(To read the entire "War is War” series, please click here.)
As I started diving into the precisely vague wording of “war is war”, I found a clear connection: the intellectuals who admonish us to understand that “war is war” love Clausewitz. If I didn’t know any better, I would think the phrase “war is war” and Clausewitz were dating, or at least getting some on the side. This isn’t only an issue with the “war-is-war”-ior; military strategists have obsessed over Carl since he first published On War.
You may not know this, but Carl von Clausewitz is God.

Unfortunately, I don’t think Clausewitz is God, nor should he dominate American thinking on military strategy and theory the way hideous haircuts dominate the heads of Rangers. He has a place in military philosophy, there is no doubt about that, but the emphasis on Clausewitz today is out-of-control.
To make sure I wasn’t misrepresenting the “war is war” crowd, I asked the folks over at the SWJ discussion board what they thought of my first two posts. Sure enough, about eight comments down someone started using Clausewitz to clarify the definition of war, that’s how popular he is.
But Clausewitzian love goes further than interweb forums; academics use him all the time too. Colin Grey, who declares “war is war” in his Strategic Studies paper, writes “there is no need for us to devote attention to the nature of war; that vital task has been performed more than adequately by Carl von Clausewitz.” Colonel David Maxwell argrees that all we need to do is study more Clausewitz; he said it in two different papers for The Small Wars Journal.
I have a few issues with Clausewitz’s domination of military thought:
1. Is Clausewitz all there is? To go back to my “politics is politics” analogy, how many political theorists are there? One could argue Machievelli dominates the field, but not more than Hobbes, Locke, Voltaire and Rousseau, not to mention the ancients like Plato, Aristotle, and the Christian scholars of the Middle Ages. But military strategy has, in the terms of Professor Grey, only three: Clausewitz, Thucydides and Sun Tzu. I think one of the reasons the nature of warfare is disputed so frequently is that military theory rests almost primarily on the shoulders of one thinker. No other field or discipline is so narrow.
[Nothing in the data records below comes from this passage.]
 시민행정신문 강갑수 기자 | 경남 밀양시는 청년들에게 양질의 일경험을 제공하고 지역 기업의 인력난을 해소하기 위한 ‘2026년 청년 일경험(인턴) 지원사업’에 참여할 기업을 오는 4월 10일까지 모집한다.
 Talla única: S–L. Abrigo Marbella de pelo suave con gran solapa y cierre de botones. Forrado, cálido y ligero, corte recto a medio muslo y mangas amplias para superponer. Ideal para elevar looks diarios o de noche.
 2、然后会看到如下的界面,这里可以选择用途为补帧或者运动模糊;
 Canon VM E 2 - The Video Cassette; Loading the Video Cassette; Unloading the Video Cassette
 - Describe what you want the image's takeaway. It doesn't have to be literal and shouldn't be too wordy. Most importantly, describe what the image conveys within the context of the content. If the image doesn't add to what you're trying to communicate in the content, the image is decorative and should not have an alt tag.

I appreciate his definition of war, but as the overarching father of all military thought, I don’t love reading him the way I loved reading, for example, the foundational thought in the theory of politics. Frankly, Clausewitz’s writing doesn’t sparkle like the writing of Plato, Machiavelli and Locke, not to mention the writing of our founding fathers.
2. Clausewitz is on the wrong end of my philosophical spectrum. Now this doesn’t mean conservative or liberal, realist or idealist, it means complicated and verbose. Long ago, I developed my own personal spectrum of philosophy: on one end are Kant and Derrida competing for the claim of the most incomprehensible philosopher, on the other is Plato’s “Crito” and Jesus’ parables, both examples of philosophy that can be read on several levels, but understood without taking a college class. (A friend of mine took a class on Kant at UCLA, and they were only able to work through forty pages. Forty.)
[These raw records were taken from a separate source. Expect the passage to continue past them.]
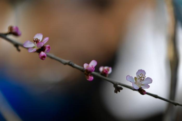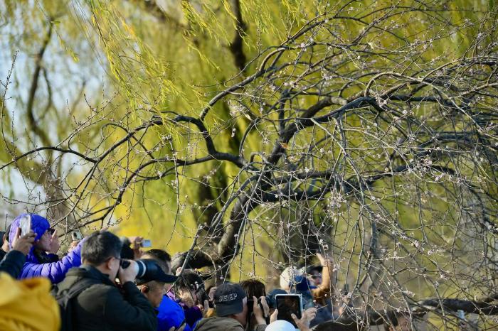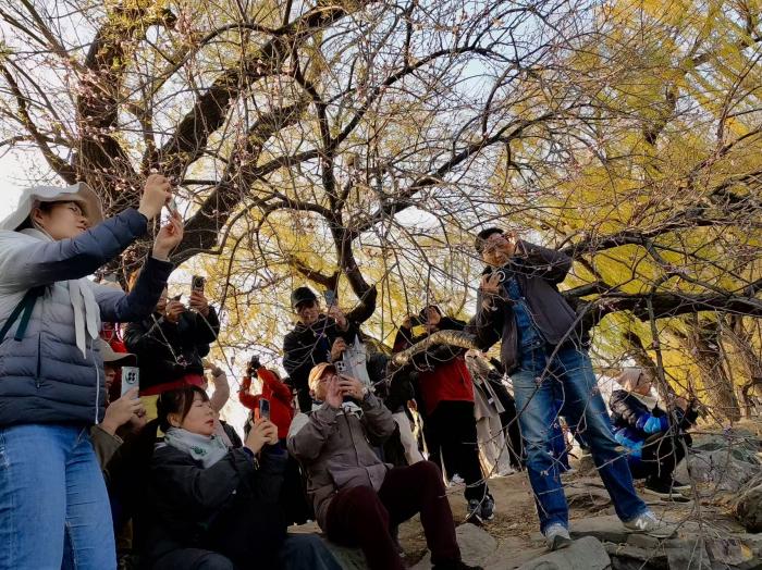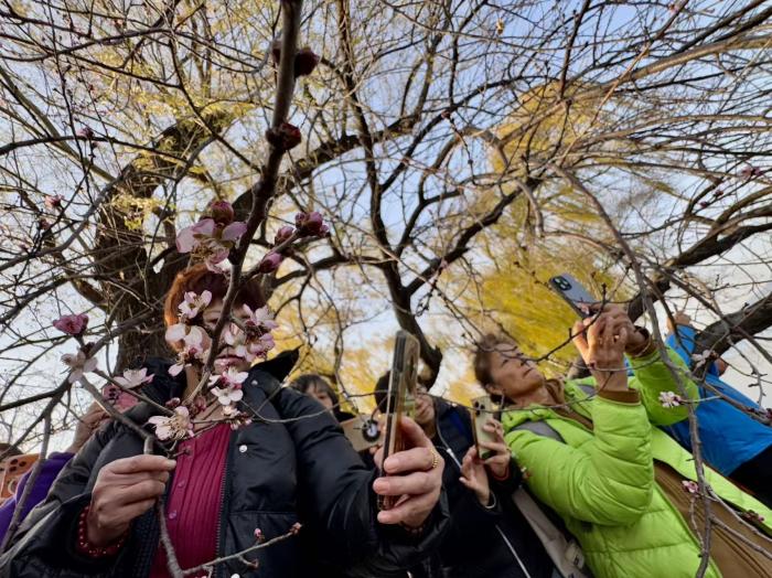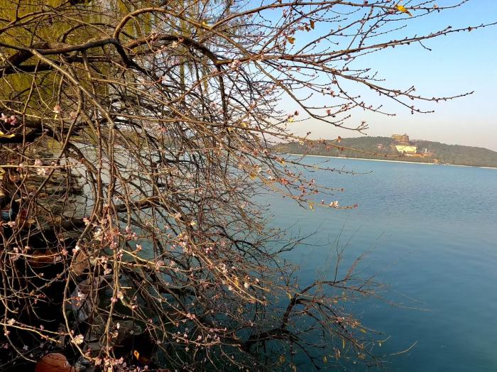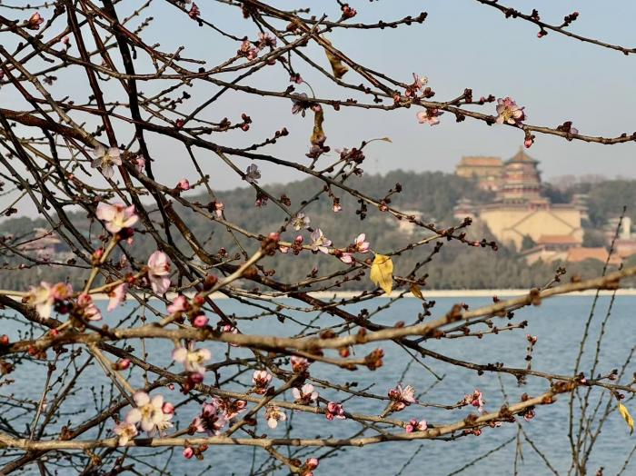 视点|颐和园西堤山桃冬月绽放 市民周末打卡
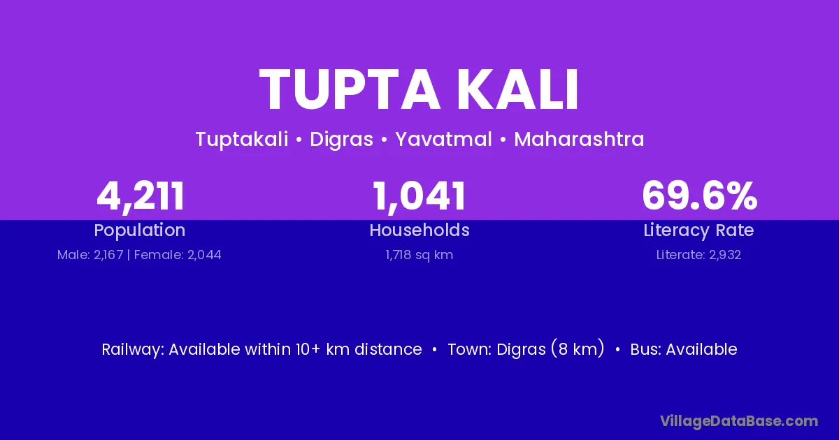 Digras (8 km) is the nearest town to Tupta Kali village for major economic activities and is located approximately 8 km away.
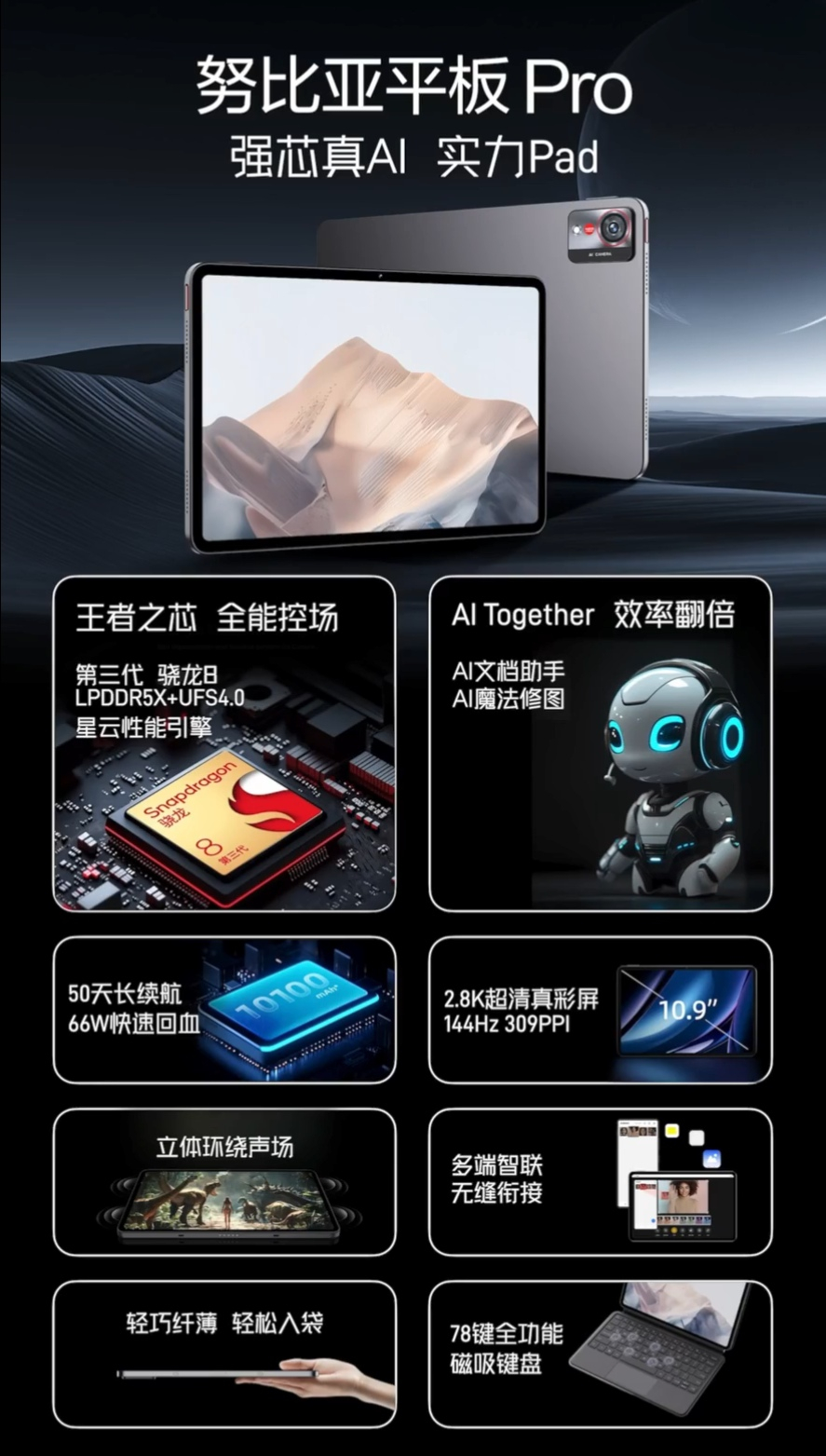 【努比亚平板Pro】它是努比亚首台平板,骁龙8 Gen 3,10.9英寸2800x1800的144Hz LCD屏幕(16:10,309ppi,840Hz瞬时触控采样率),10100mAh电池+66W快充。
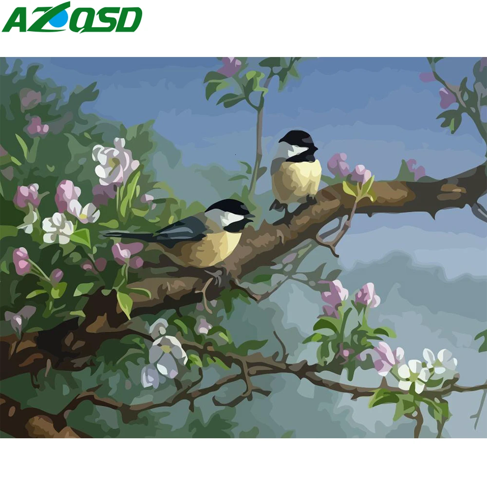Azqsd Unframe масляная краска ing по номерам набор птиц DIY цветные Декорации для дома по номерам на холсте животные акриловая краска уникальный под...
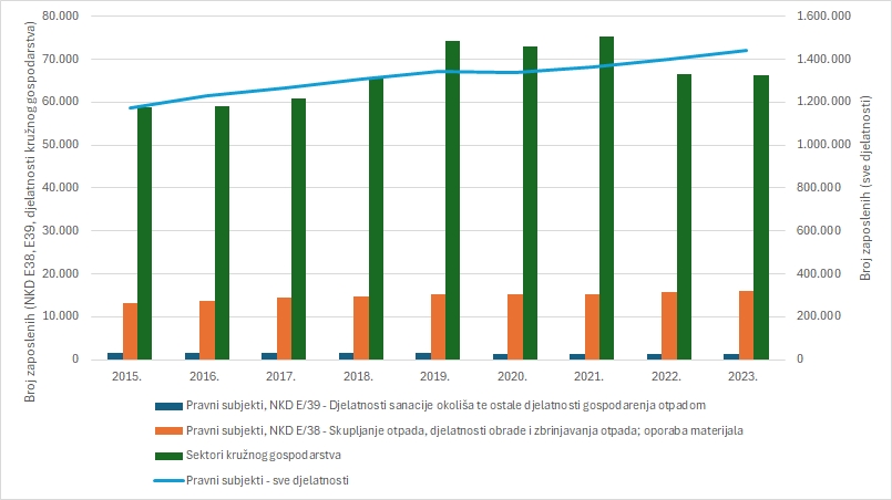 U razdoblju od 2015. do 2023. godine, ukupna zaposlenost, zaposlenost u djelatnostima kružnog gospodarstva i zaposlenost u djelatnostima gospodarenja otpadom pokazuju lagani porast.

Clausewitz falls over the complicated German philosopher cliff. I mean, his work encompasses several volumes, was never finished, and was written in the Hegelian style--which means frequently you argue a point just to refute it later (thesis, anti-thesis and synthesis).
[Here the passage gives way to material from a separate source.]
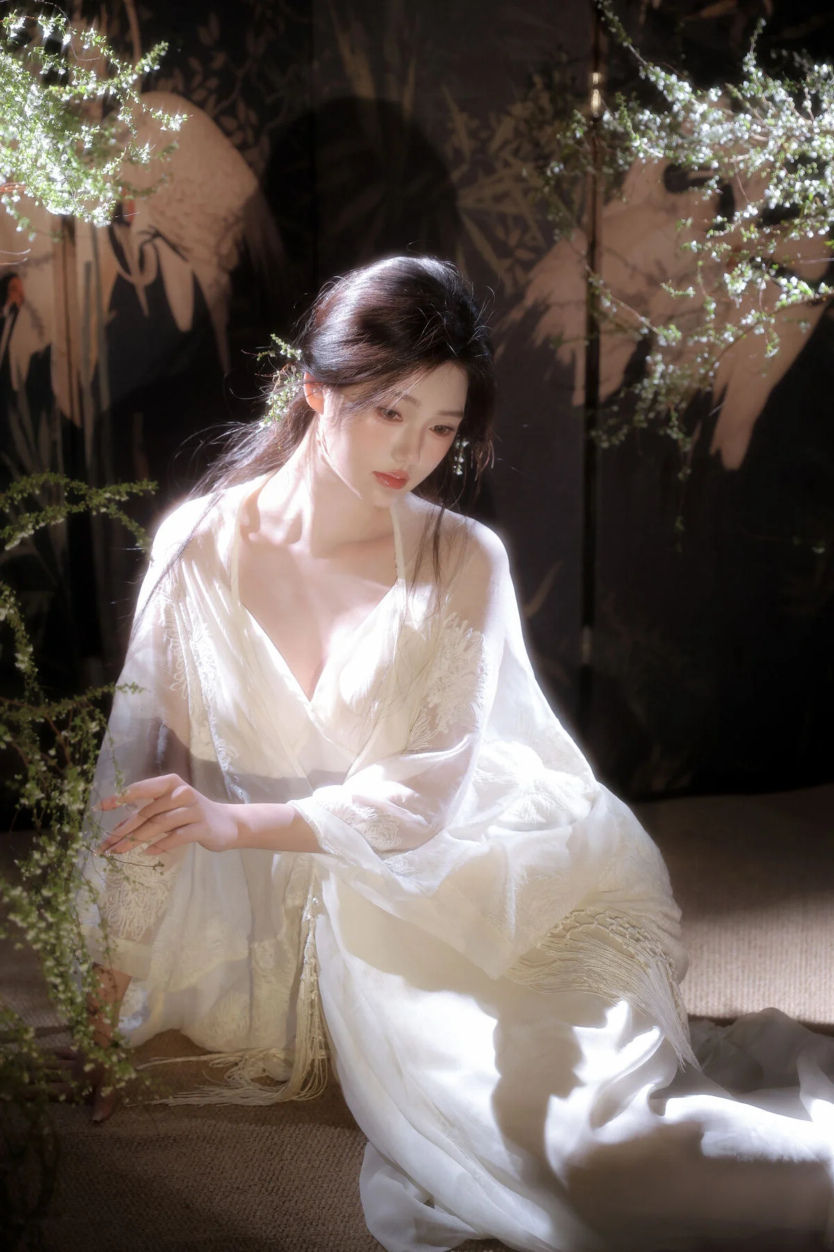 YiTuYu Vol.8699: Xiao Jing's Serene Beauty with Baby's Breath – A Glimpse into Tranquil Moments

3. The most parroted assumptions are ridiculously vague. From what I can tell, the most significant achievement of Clausewitz was his definition of war--warfare is politics through other means (depending on the translation). Second to that was his classification of the three parts of warfare: 1. Violence, hatred and enmity (really two topics, violence and enmity) 2. chance or probability and 3. each opponent is subordinate to rational policy. It just seems that every human endeavor is the interaction of emotion, chance and rationality, be it diplomacy, economics, politics or war.
This simplification is probably more due to people simplifying philosophy as opposed to the philosopher himself. Philosophy, in general, suffers when it is simplified. Clausewitz equals “war is politics by other means”, Machiavelli is “rule at all costs”, Neitzsche believed in “the super man”. Nuance? Fuhgetaboutit. These quick snap definitions lose the subtlety of hundreds of pages of philosophy--and I think that simplification is magnified in Clausewitz’s case when it comes to “war is war”.
I don’t mean to slander Carl von Clausewitz here, nor do I intend to imply no one should read him. I advocate a middle ground: military officers should definitely read Clausewitz, but keep an open mind that he probably doesn’t have all the answers, or even most of them. No other intellectual field relies so heavily on one single thinker; I think it also does military theory and the philosophy of violence a disservice to assume Clausewitz has war all figured out when Hannah Arendt wrote a brilliant treatise, On Violence, that few military officers have read.



I am reminded of the great Roman physician Galen, whose studies and observations were so cutting edge for his time that for nearly a millenia afterwards, physicians hardly dared question his conclusions.
Does von Clausewitz still contribute to military discussions? Of course.
But I’d be willing to bet that he would get lost in his own fog in today’s conflicts.